The standard medical view of mitochondria is that they are one organelle among many. Evolution can give a different perspective: mitochondria are one of the two players that gave rise to all of this complexity in the first place. If we really want to understand why things are breaking down in diseases—and what we can do about it—I think we need to understand that small print.
Does the evolution of complexity all come down to energy constraints?
Yes, in a way. I’d say that bacteria and archaea are constrained by energy and the acquisition of mitochondria releases that constraint on the eukaryotes. But then eukaryotes become constrained by the fact that they have a population of cells living inside them with their own agenda.
Eukaryotes have got multi-bacterial power, like multi-horsepower, if you like, without the overhead. They got rid of all the genes in the mitochondria that they don’t actually need for respiration and either lost them or transferred them to the nucleus and repurposed them for something else.

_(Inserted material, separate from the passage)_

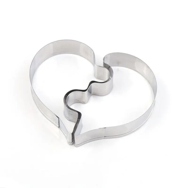 2 шт., форма для печенья в форме сердца, левое правое сердце, резак для печенья, забавная любовь, свадебные пазлы, романтическая форма для печенья, печать печенья

So eukaryotes have genomic asymmetry—massive nuclear genomes sustained by tiny mitochondrial genomes. Something we never see in bacteria. And that has a perverse and unexpected benefit for the host cell. That’s just the raw material for complexity—it doesn’t force complexity on you, but it makes it possible.
You calculated the power per megabase across various cell sizes, and it was almost identical for the tiniest prokaryotic cell and the largest eukaryotic cell…
It’s not surprising that a cell has enough energy to support its own genome, but not much more—that’s just optimization. The real surprise is that the energy per gene is so different—a eukaryotic gene commands up to 200,000 times more energy than an equivalent prokaryotic one. That measure is really the energy required to express that gene as a protein. If you have 100,000 times more energy per gene, that doesn’t mean you’re going to have 100,000 more genes. It just means the number of proteins you can express increases by 100,000-fold. Abundant gene expression makes all the difference to cell size and complexity.
THE GAME OF LIFE
Do you think there’s other life in the universe—and if so, do you think it’s cell based?
Yes and yes. What all life does on Earth is reduce carbon dioxide with hydrogen. But hydrogen and carbon dioxide don’t react easily. You need proton gradients, an electrochemical charge across a membrane, to drive the reaction. So we’re dealing with hydrogen, carbon dioxide, and proton gradients—these are found naturally in a particular type of alkaline hydrothermal vent in the ocean, produced by a chemical reaction between water and rock.
What that means is any wet, rocky planet is likely to have the right conditions for life. And that means that life should be everywhere. There are projected to be about 40 billion wet, rocky—Earth-like—planets in the Milky Way.
You simulated this in a benchtop reactor—what did you find?
We’re trying to simulate the conditions in alkaline hydrothermal vents. We infused warm alkaline fluids from below into the barrel of the reactor that held essentially an acidic ocean, simulating oceans as we think they existed four billion years ago on Earth, in the absence of any oxygen. There was a lot of dissolved iron in the oceans back then, so we use specially precipitated iron sulfide to create the vent-like structures.
In the end, we get a little bit of formaldehyde. From formaldehyde, we’re able to make other things, including ribose and deoxyribose.
What do your boys, ages 8 and 10, think about what you study?
I had told them about the life cycle of slime molds. On the walk to school one day, they were making squelchy noises. Then, when one would manage to catch up to the other, they would both immediately put their hands over their heads. They were playing a life cycle of slime mold game. They were forming slugs, hence the slurping noises, and then converting themselves into mushrooms, or the fruiting body. So they take bits from my work that are fun and play games.
My wife paints mitochondria and other things under the name Odra Noel. So the boys could recognize mitochondria at the age of three or so!